Oil Futures Notch Third Weekly Gain

Liubov Georges
By  Liubov Georges , DTN Energy Reporter

WASHINGTON (DTN) -- Oil futures nearest to delivery on the New York Mercantile Exchange and Brent crude on the Intercontinental Exchange settled Friday's session higher with both crude benchmarks rising for the third week in a row. The gains came as investors look toward future gains in global oil demand spurred by breakthrough development in two coronavirus vaccines that helped offset downbeat sentiment over rising coronavirus infections and stalled fiscal stimulus talks in Washington.

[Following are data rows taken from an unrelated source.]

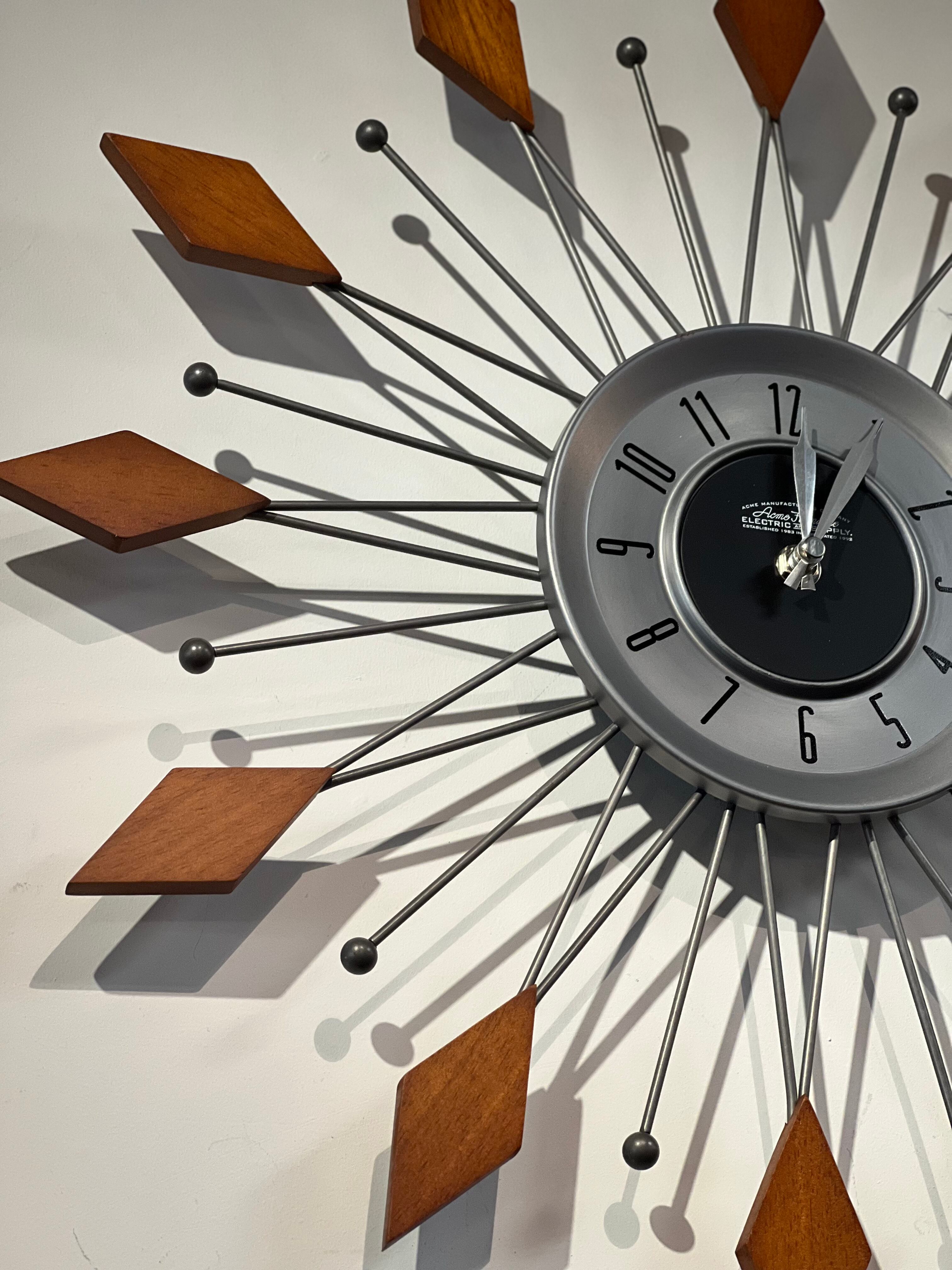 光り輝く太陽をモチーフとしてデザインされたサンバーストクロック。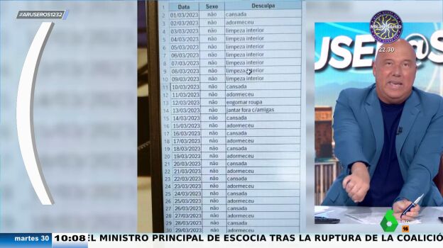 Alfonso Arús enseña en el plató de Aruser@s el vídeo viral sobre "el caso de un chico brasileño que ha elaborado un excel con todas las excusas que le da la chica para no tener sexo". "A la izquierda está la fecha y es curioso porque no hay ninguna repetida, así que el chico cuando le dan la negativa ya no insiste", destaca el presentador de Aruser@s, que afirma que él "a la tercera" ya ha pillado "la indirecta clara".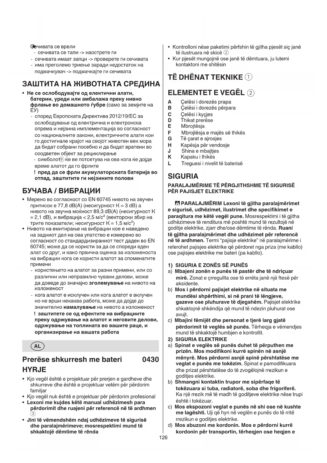 A Çelësi i dorezës prapa B Çelësi i dorezës përpara C Çelësi i kyçjes D Thikat prerëse E Mbrojtësja F Mbrojtësja e majës së thikës G Të çarat e ajrosjes H Kapësja për vendosje J Shina e mbajtjes K Kapaku i thikës L Treguesi i nivelit të baterisë SIGURIA PARALAJMËRIME TË PËRGJITHSHME TË SIGURISË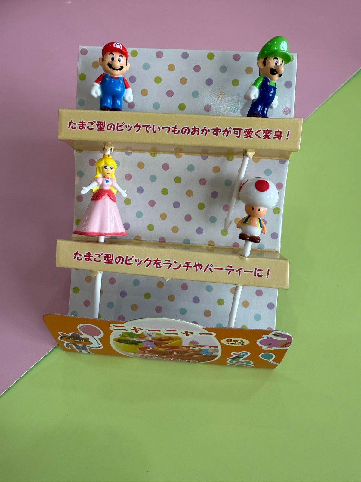 Juego de 4 picks de Mario Bros, ideal para que los pequeños coman fruta, verduras o pequeños bocaditos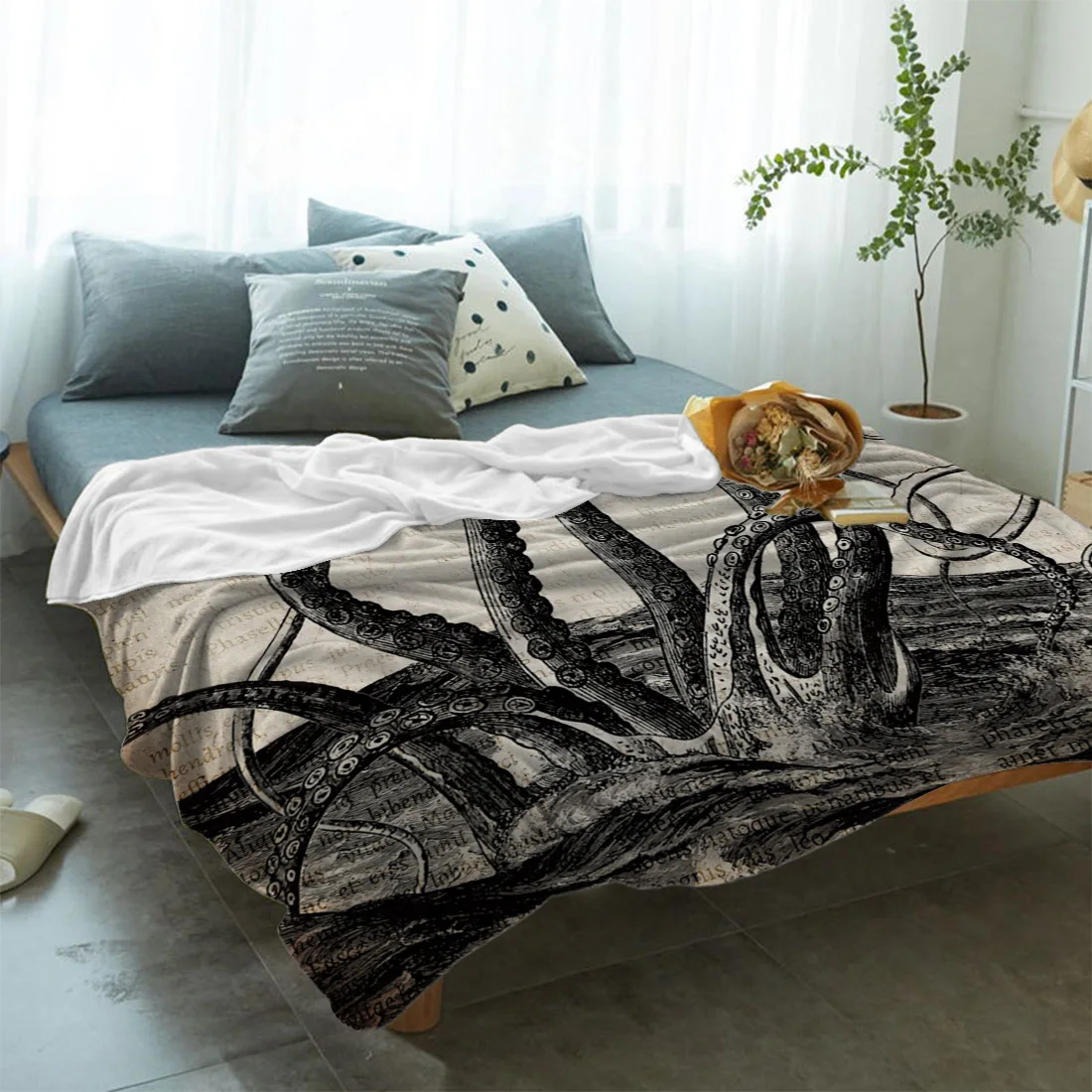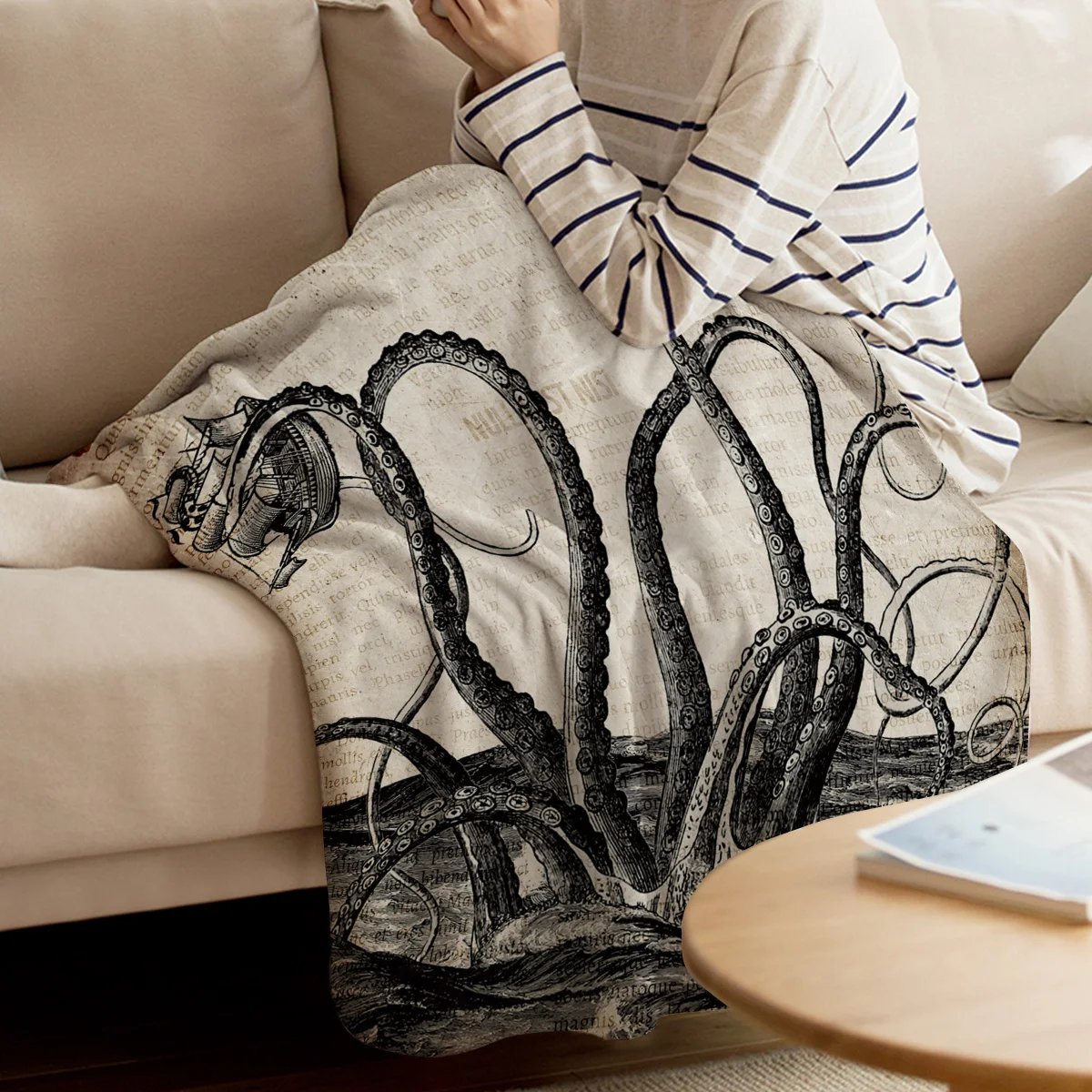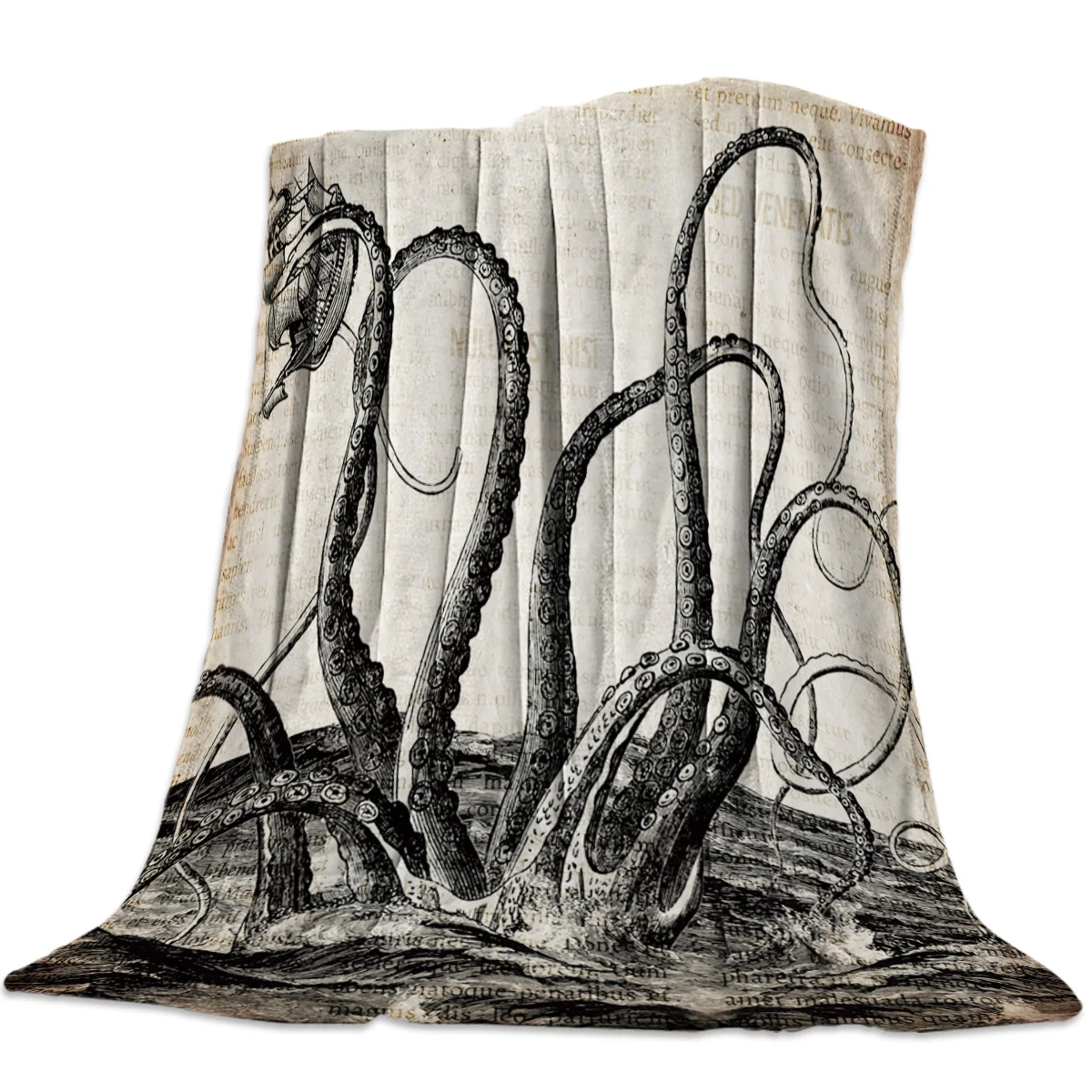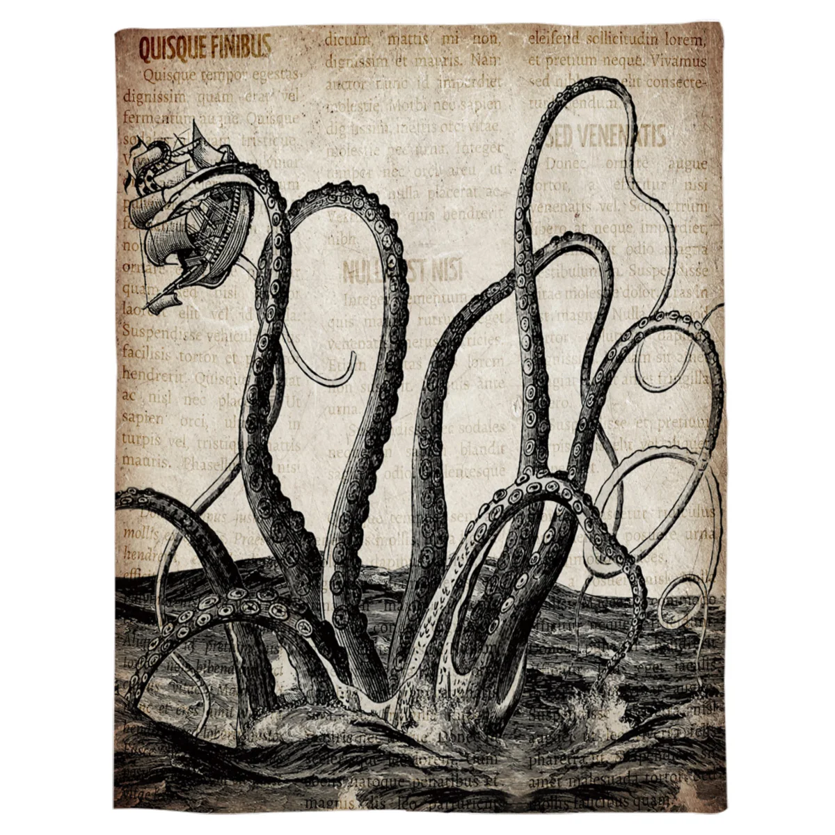 Фланелевое покрывало Cthulhu с изображением осьминога, старой газеты, для кровати, дивана, портативное мягкое флисовое покрывало, забавное плюшевое покрывало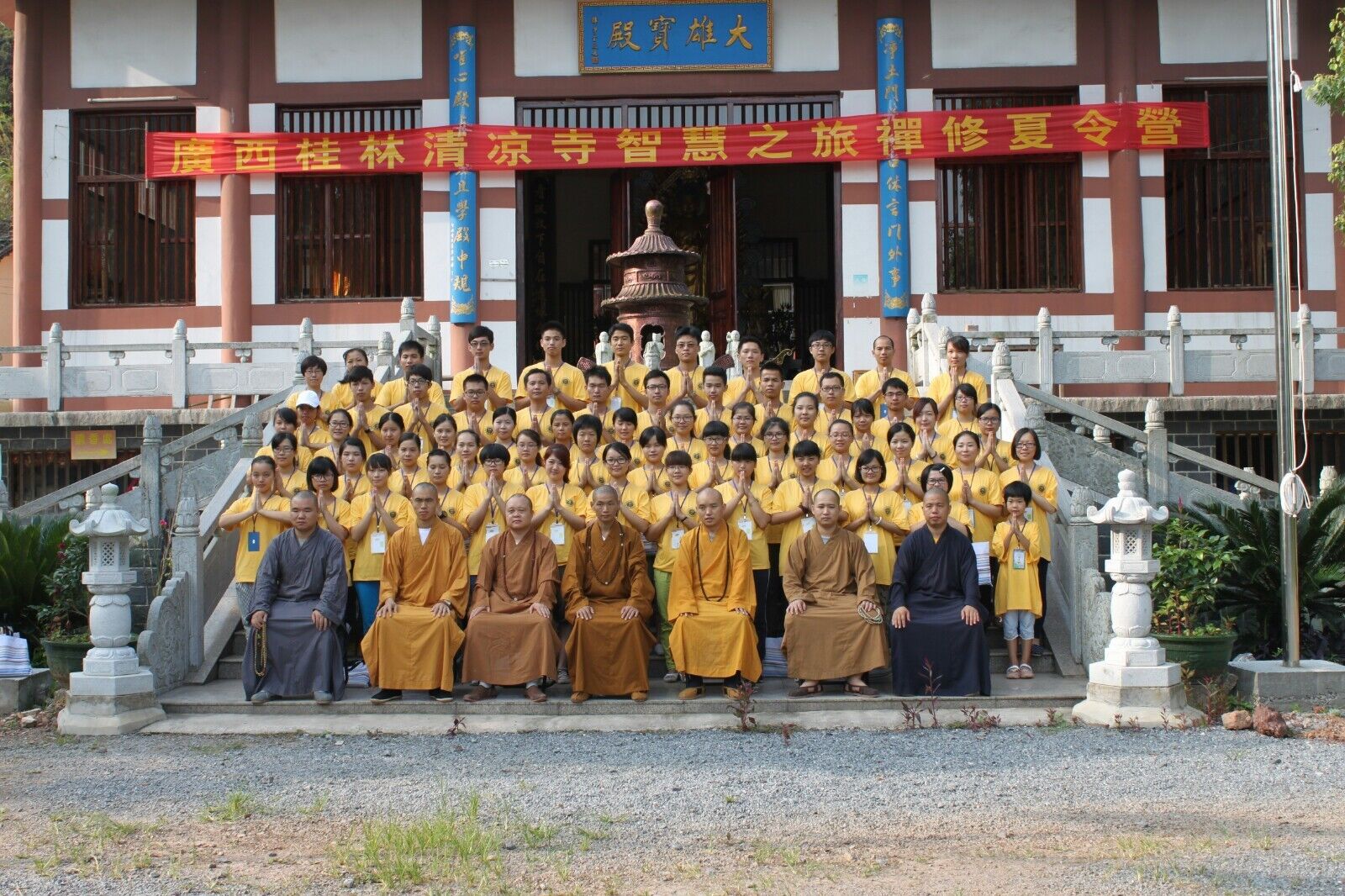 为进一步挖掘并充分发挥佛教道德思想及其价值观中的正能量,使其成为培育和践行社会主义核心价值观的强大助力,7月19日,人文社科学院的12名学生干部在院团委书记宋南老师的带领下奔赴桂林市华山清凉寺参加为期一个星期的禅修体验活动。在寺中,我们体验了坐禅、过堂、晒藏经等僧侣生活,还学习了吟诵、茶道等国学知识,更是有幸参与了传灯法会和“一期一会”的禅茶雅集活动。虽然只有短短的一个星期,却让我们感受到了佛法的高深和国学的厚重,意蕴悠远,久久不能忘怀。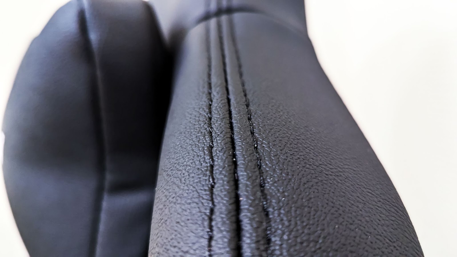 Материалом обивки служит ПВХ-кожа DuraXtra. Она очень приятна на ощупь и сильно напоминает натуральную кожу мягкой выделки. При этом материал лишен ряда недостатков кожаных кресел. В одежде вы не будете выскальзывать из кресла. Также стоит отметить отсутствие нагрева поверхности в районе спины (и чуть ниже). И это при том, что батареии у автора шпарят так, как будто на улице не около нуля, а все -30.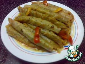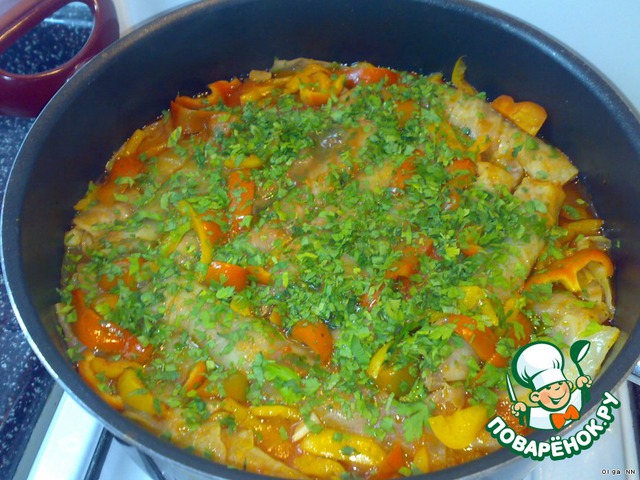 Через 30 минут снять груз, добавить порезанный болгарский перец, а за 5 минут до окончания варки посыпать зеленью мелко нарезанной петрушки.
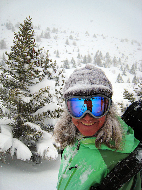 After lunch we followed another entreprising party up a very DEEP track they beat through the meter of new snow that had fallen in the previous 24 hours or so. The sun breaks through tantalizingly.... |

U.S. pharmaceutical giant Pfizer and its German partner BioNtech on Friday formally requested Emergency Use Authorization for its BNT162b2 vaccine from the U.S. Food and Drug Administration. The authorization, if approved, would allow Pfizer to distribute 50 million doses as early as December before scaling up to 20 billion doses next year.

Earlier this month, the company claimed its vaccine candidate proved to be 95% effective in blocking the virus, lifting hopes for an accelerated recovery at some point next year. Most analysts warn, however, a genuine demand recovery might still be six to 12 months away, and without fiscal stimulus to bridge that gap, the economy could take a sharp downturn.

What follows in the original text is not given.